In discussing Osama Bin Laden’s hideout in Abbottobad, several media outlets have reported he was “hiding in plain sight.” Wrong! This wasn’t a guy who was in the witness protection program, using a new name, watching his kids play soccer, and going to Dairy Queen for a blizzard. This was a terrorist who never left his compound while living behind 12-foot-high walls topped with barbed wire, who had a 7-foot-high wall on his balcony so no one could see inside! That’s not “in plain sight.”
Of course there are conspiracy nuts who doubt Bin Laden was really killed because they haven’t seen the body. While this would be a wonderfully elaborate ruse to draw him out (“I’m not dead, I’m right here” BOOM!), these folks fit in the same category as the idiots who demanded to see Obama’s birth certificate, because if they can’t put eyes on hard evidence of something, it must not have happened. Ironically, they don’t require anywhere near that level of proof for their own religious beliefs — or whatever viral story shows up in their email inbox.
Speaking of religious beliefs, we’re told that the US military did everything right in ensuring that Bin Laden was buried at sea according to Muslim custom, but naturally there are experts in that religion who are nitpicking the details. I wonder who cares, and who we’re afraid of pissing off. If you’re a Muslim extremist, nothing the US does will ever be right. If you’re not a Muslim extremist, what difference does it make how we disposed of the body of a man who personified pure evil? This was a man who bastardized your religion into the basis for global terrorism, not some innocent Muslim mom gunned down on her way to the mosque.
As for those complaining about Americans celebrating a man’s death, I have no problem with it. My daughter wonders how I can support the death penalty. I tell her that there are some people who are guilty of horrible crimes against humanity — not an innocent man wrongly sentenced to death by the state after a hinky trial with dubious evidence and an agenda-driven prosecution, but really bad people about whom there is no doubt they committed a truly heinous act (or acts).
Timothy McVeigh. Pol Pot. Jeffrey Dahmer. Moammar Qaddafi. Charles Whitman. David Koresh. Those behind the holocaust in Rwanda. The world has over six billion people on it. Some of those people we can do without. Thin the herd.
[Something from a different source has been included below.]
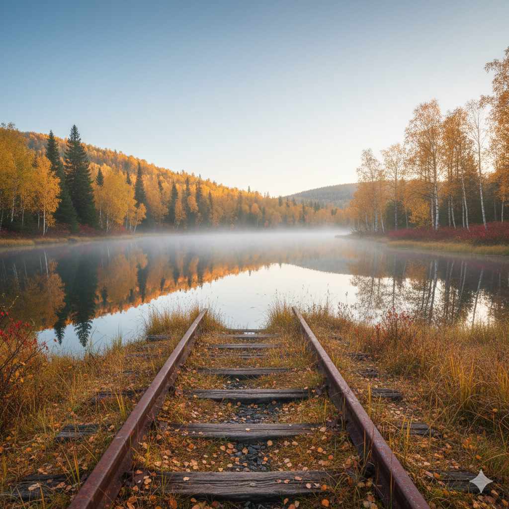 Как раз в такое золотое время, в начале октября, весь учительский состав местной школы выехал на озёра праздновать свой профессиональный день. Ольга ехала туда впервые. Место было и правда райским: цепочка маленьких прозрачных озёр, соединённых тонкими перешейками из белого песка. По берегам — молодые берёзки, уже сбросившие листву, их стройные белые стволы, как свечи, отражались в неподвижной воде. А посреди этой идиллии — чёрные, пропитанные мазутом шпалы и ржавые рельсы брошенной узкоколейки, уходящие в чащу. Золото, синева, чёрный металл. Красота и грусть, смешанные в одну густую, щемящую субстанцию.

Society will continue to thrive despite their absence. Or perhaps because of it.
Then there are those worried that the killing of Bin Laden will make the world more dangerous; that Al Qaeda will try to strike back at us. This is one of the story lines the media glommed onto almost immediately after the story broke. The truth is that Bin Laden’s death won’t be a recruitment tool for the enemy. Murderous religious zealots were developing ways to attack us before, and they still are, but you’re no less safe today than you were on Saturday.
And you still can’t take your jumbo-size shampoo and toothpaste on the plane.